Directions for this task: Write out the listing below character for character, though without its pictures.

Input data:
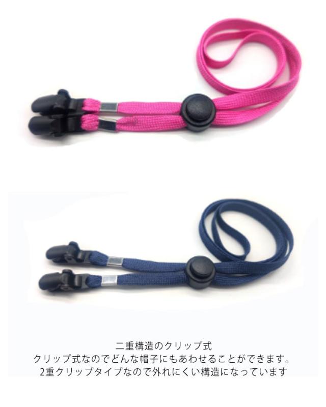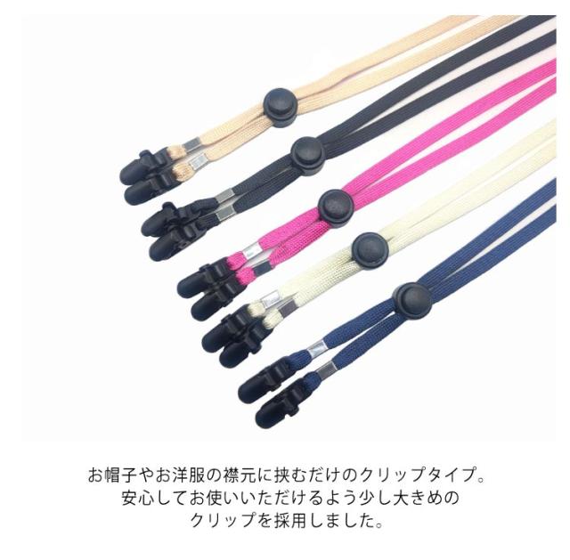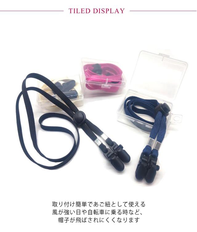 | 帽子を風から守る! どの帽子にも取付けできるクリップ式あご紐 全10色 【3枚セット 収納ケース付き】 取り付け簡単であご紐として使える♪ 風が強い日や自転車に乗る時など、帽子が飛ばされにくくなります♪ お帽子やお洋服の襟元に挟むだけのクリップタイプ。安心してお使いいただけるよう少し大きめのクリップを採用しました。 CAP型の帽子にぴったりあわせやすいあご紐タイプの帽子ストラップ。 ハットにも使用可能。帽子の内側の折り返しに付ければ見た目もすっきり♪ 簡単楽ちん♪サイズ調整。押しながら上下させるだけで簡単に調整いただけます。 約80cmの余裕を持った長さなので操作もしやすくおしゃれな印象♪ レディース・メンズ・子供からお年寄りまで使える帽子クリップ! <details> 01.二重構造のクリップ式 クリップ式なのでどんな帽子にもあわせることができます。2重クリップタイプなので外れにくい構造になっています 02.プッシュ式でかんたん長さ調整 サイズ調整が簡単にできるプッシュタイプを採用。帽子をかぶるときや脱ぐときの煩わしさを軽減します 03.専用の収納ケース付きで保管にも便利 個包装のケースに入っているので、衛生的に保管できます。ケースに入れて持ち運びもOK! | |
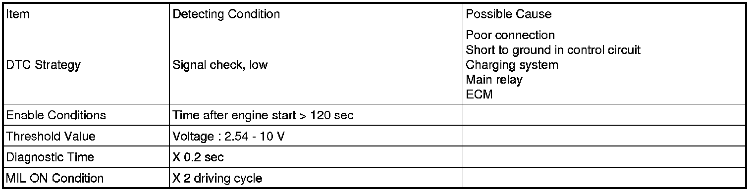 If the system voltage is 2.54 - 10 V during 0.2 sec, PCM sets DTC P0562.
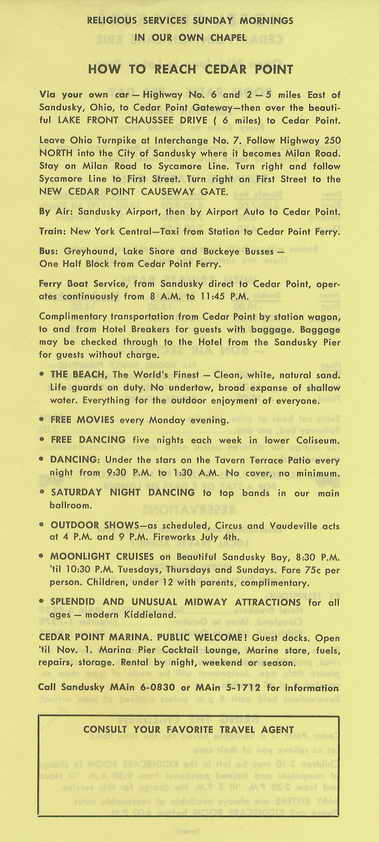 The Following Links will take you to a scaned copy of my 1953 Cedar Point Brochure. I'm basing it's date on the Reservation postcard I recieved with it.
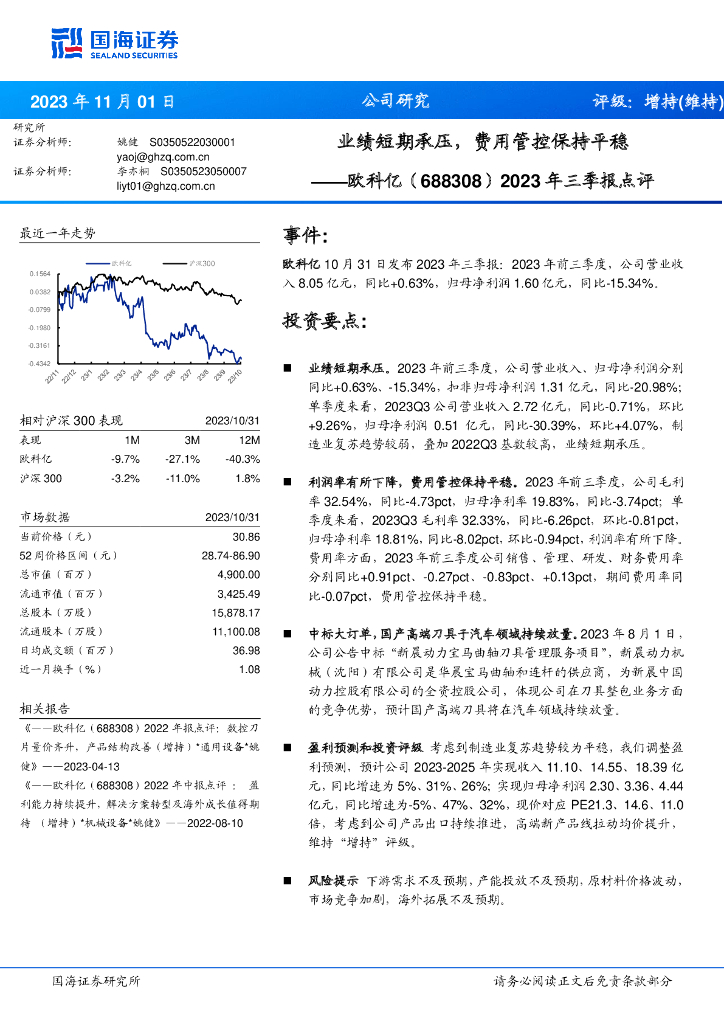 国海证券:欧科亿(688308)-2023年三季报点评:业绩短期承压,费用管控保持平稳.pdf

Solution to the exercise:
 | 帽子を風から守る! どの帽子にも取付けできるクリップ式あご紐 全10色 【3枚セット 収納ケース付き】 取り付け簡単であご紐として使える♪ 風が強い日や自転車に乗る時など、帽子が飛ばされにくくなります♪ お帽子やお洋服の襟元に挟むだけのクリップタイプ。安心してお使いいただけるよう少し大きめのクリップを採用しました。 CAP型の帽子にぴったりあわせやすいあご紐タイプの帽子ストラップ。 ハットにも使用可能。帽子の内側の折り返しに付ければ見た目もすっきり♪ 簡単楽ちん♪サイズ調整。押しながら上下させるだけで簡単に調整いただけます。 約80cmの余裕を持った長さなので操作もしやすくおしゃれな印象♪ レディース・メンズ・子供からお年寄りまで使える帽子クリップ! <details> 01.二重構造のクリップ式 クリップ式なのでどんな帽子にもあわせることができます。2重クリップタイプなので外れにくい構造になっています 02.プッシュ式でかんたん長さ調整 サイズ調整が簡単にできるプッシュタイプを採用。帽子をかぶるときや脱ぐときの煩わしさを軽減します 03.専用の収納ケース付きで保管にも便利 個包装のケースに入っているので、衛生的に保管できます。ケースに入れて持ち運びもOK! | |
 If the system voltage is 2.54 - 10 V during 0.2 sec, PCM sets DTC P0562.
 The Following Links will take you to a scaned copy of my 1953 Cedar Point Brochure. I'm basing it's date on the Reservation postcard I recieved with it.
 国海证券:欧科亿(688308)-2023年三季报点评:业绩短期承压,费用管控保持平稳.pdf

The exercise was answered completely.